Mitigating cybersecurity risk in electric vehicle (EV) charging demand forecasting plays a crucial role in the safe operation of collective EV chargings, the stability of the power grid, and the cost-effective infrastructure expansion. However, existing methods either suffer from the data privacy issue and the susceptibility to cyberattacks or fail to consider the spatial correlation among different stations. To address these challenges, a federated graph learning approach involving multiple charging stations is proposed to collaboratively train a more generalized deep learning model for demand forecasting while capturing spatial correlations among various stations and enhancing robustness against potential attacks. Firstly, for better model performance, a Graph Neural Network (GNN) model is leveraged to characterize the geographic correlation among different charging stations in a federated manner. Secondly, to ensure robustness and deal with the data heterogeneity in a federated setting, a message passing that utilizes a global attention mechanism to aggregate personalized models for each client is proposed. Thirdly, by concerning cyberattacks, a special credit-based function is designed to mitigate potential threats from malicious clients or unwanted attacks. Extensive experiments on a public EV charging dataset are conducted using various deep learning techniques and federated learning methods to demonstrate the prediction accuracy and robustness of the proposed approach.

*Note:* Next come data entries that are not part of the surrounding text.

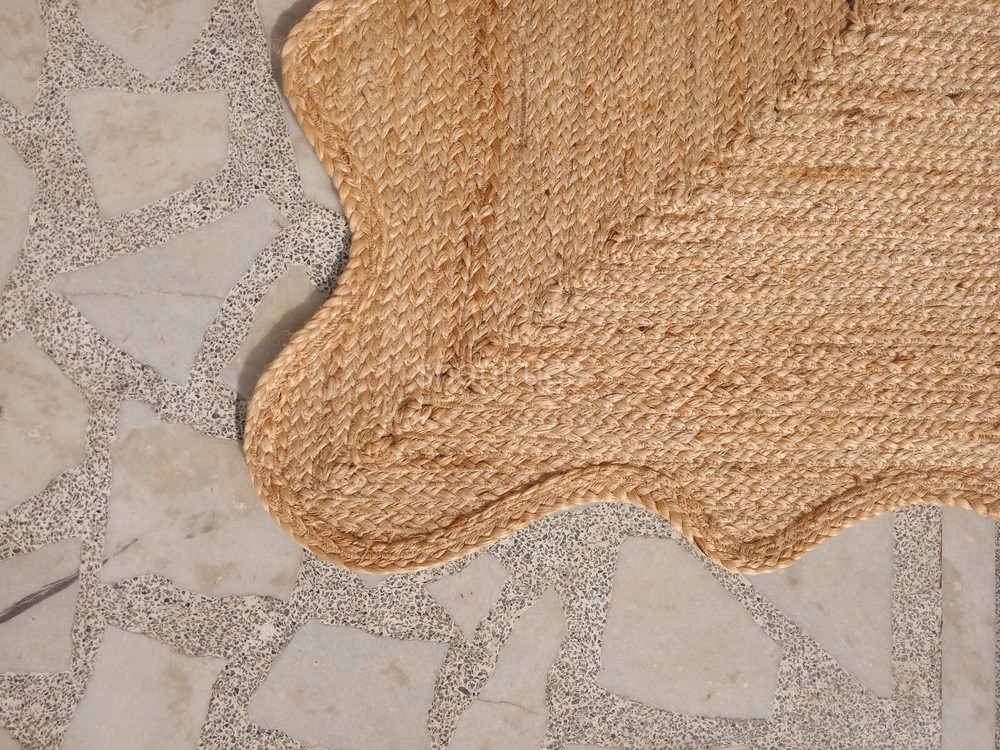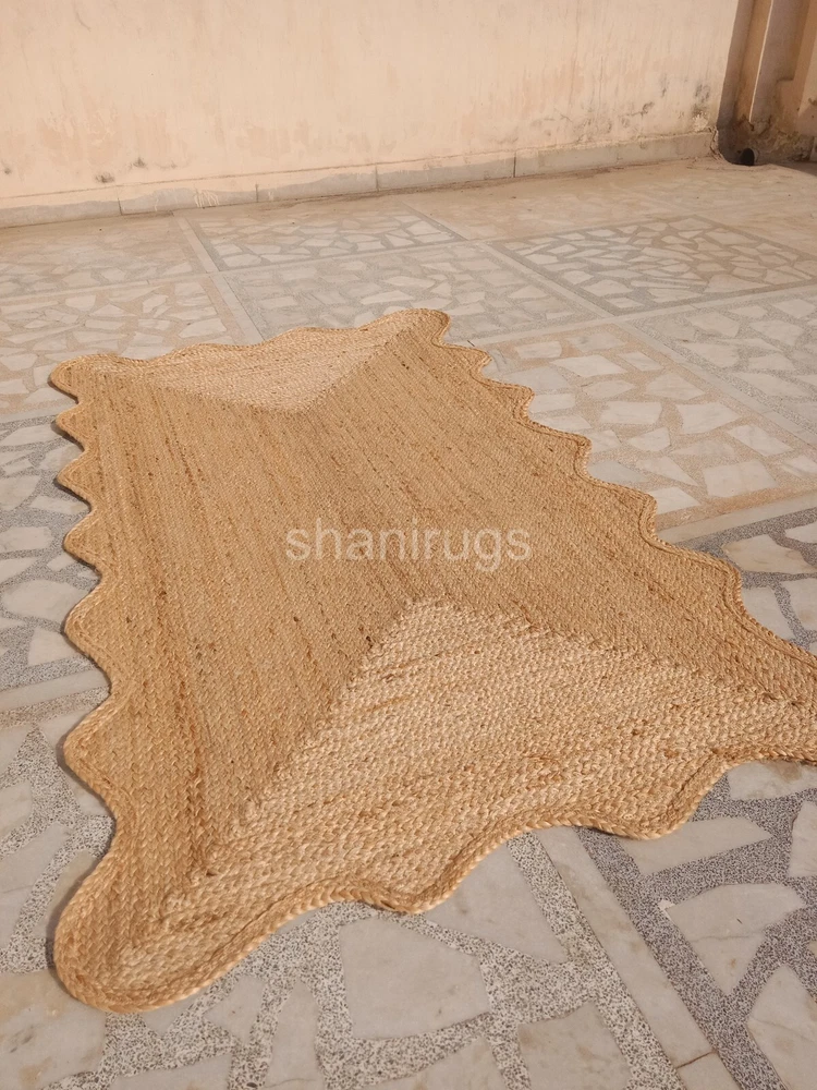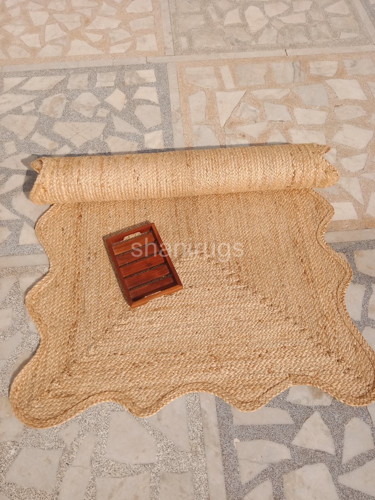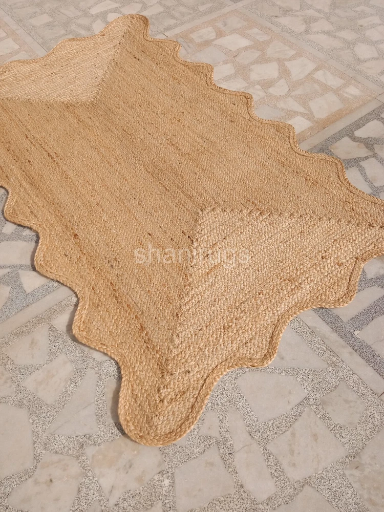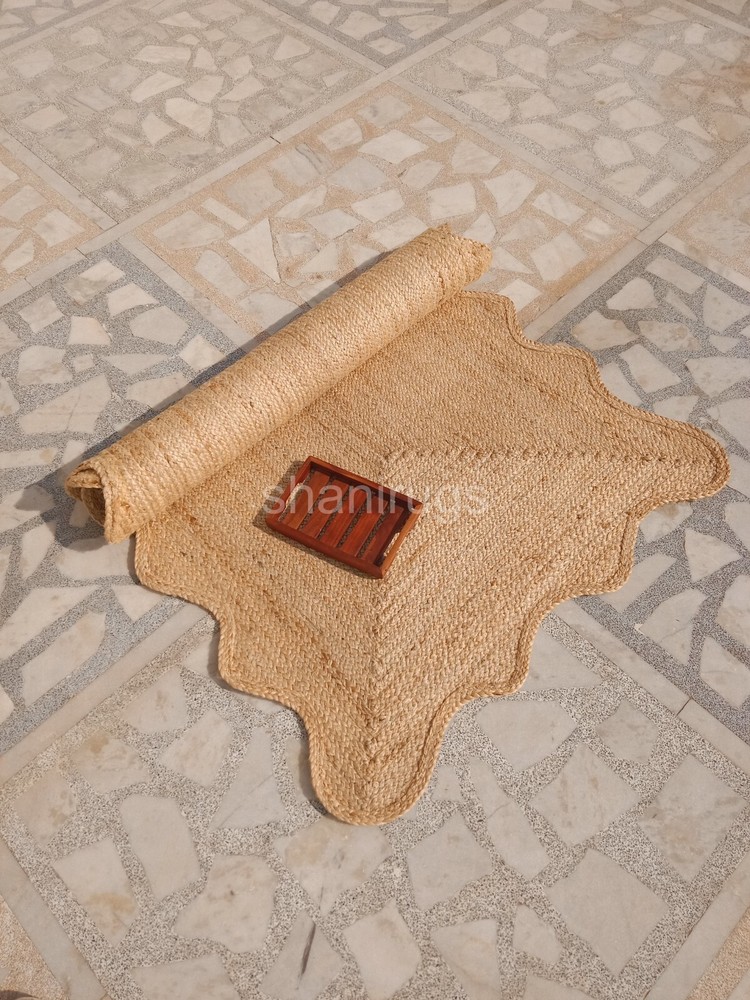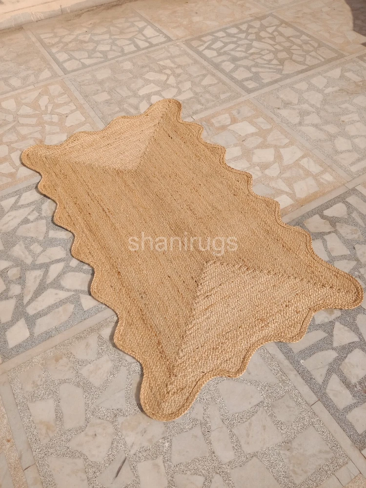 Scalloped Natural Jute Rug Braided Jute mat | Kitchen Rug Bath mat Wave Edge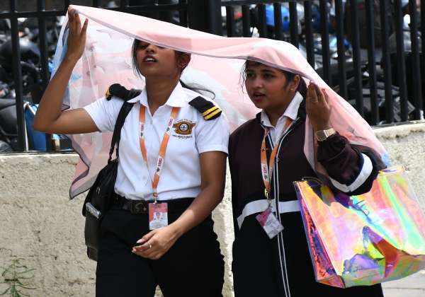சென்னையில் காலையில் சுட்டெரித்த வெயிலால் முகத்தை மறைக்க தலையில் துணியுடன் செல்லும் பெண்கள்.இடம் : ஆலந்தூர்.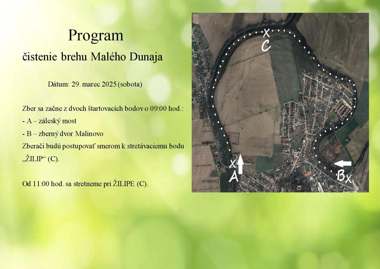 Milí občania, spojte príjemné s užitočným a vyberte sa v sobotu 29. marca 2025 na čistenie brehu Malého Dunaja, kde bude prebiehať náš tradičný zber odpadkov.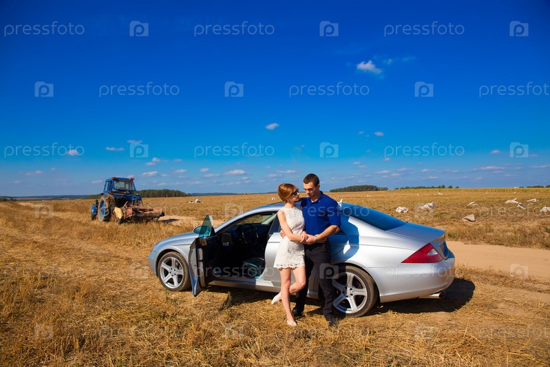 Влюбленная пара около автомобиля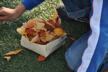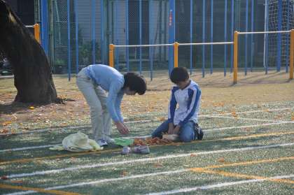 今日も,6年生が人工芝の落ち葉をひろいました。ひろう落ち葉が,日に日に色づきを増しています。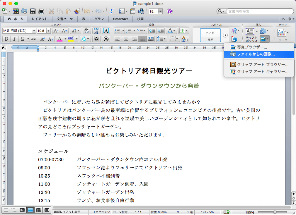 [ホーム]タブの[挿入]グループの[図]ボタンをクリックして、[ファイルからの画像]をクリックします。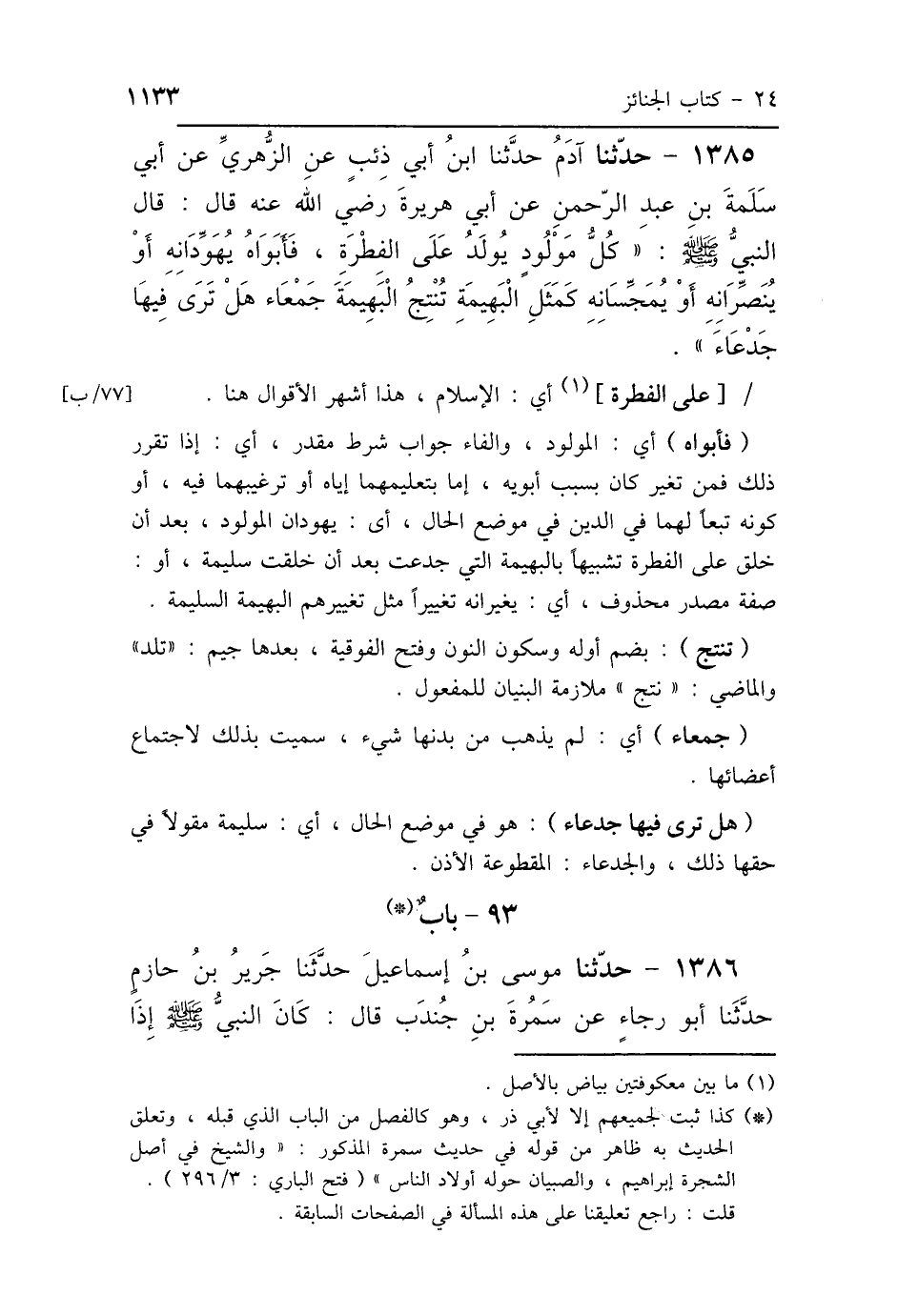 1385 - حَدَّثَنَا آدَمُ، حَدَّثَنَا ابْنُ أَبِي ذِئْبٍ، عَنِ الزُّهْرِيِّ، عَنْ أَبِي سَلَمَةَ بْنِ عَبْدِ الرَّحْمَنِ، عَنْ أَبِي هُرَيْرَةَ رَضِيَ اللَّهُ عَنْهُ، قَالَ: قَالَ النَّبِيُّ صَلَّى اللهُ عَلَيْهِ وَسَلَّمَ: «كُلُّ مَوْلُودٍ يُولَدُ عَلَى الفِطْرَةِ، فَأَبَوَاهُ يُهَوِّدَانِهِ، أَوْ يُنَصِّرَانِهِ، أَوْ يُمَجِّسَانِهِ، كَمَثَلِ البَهِيمَةِ تُنْتَجُ البَهِيمَةَ هَلْ تَرَى فِيهَا جَدْعَاءَ».

翻译：缓解电动汽车充电需求预测中的网络安全风险，对于保障集体充电设施的安全运行、电网稳定性以及经济高效的基础设施扩建至关重要。然而，现有方法要么存在数据隐私问题且易受网络攻击影响，要么未能考虑不同充电站之间的空间关联性。为解决这些挑战，提出了一种涉及多个充电站的联邦图学习方法，通过协同训练一个更具泛化能力的深度学习模型进行需求预测，同时捕捉各站点的空间关联性并增强对潜在攻击的鲁棒性。首先，为提升模型性能，利用图神经网络（GNN）以联邦方式表征不同充电站间的空间关联性。其次，为确保鲁棒性并应对联邦环境中的数据异质性，提出一种利用全局注意力机制为每个客户端聚合个性化模型的的消息传递方法。第三，针对网络攻击问题，设计了一种特殊的基于信用度的函数，以缓解恶意客户端或非预期攻击带来的潜在威胁。基于公开的电动汽车充电数据集，采用多种深度学习技术和联邦学习方法开展了大量实验，验证了所提方法在预测精度和鲁棒性方面的优势。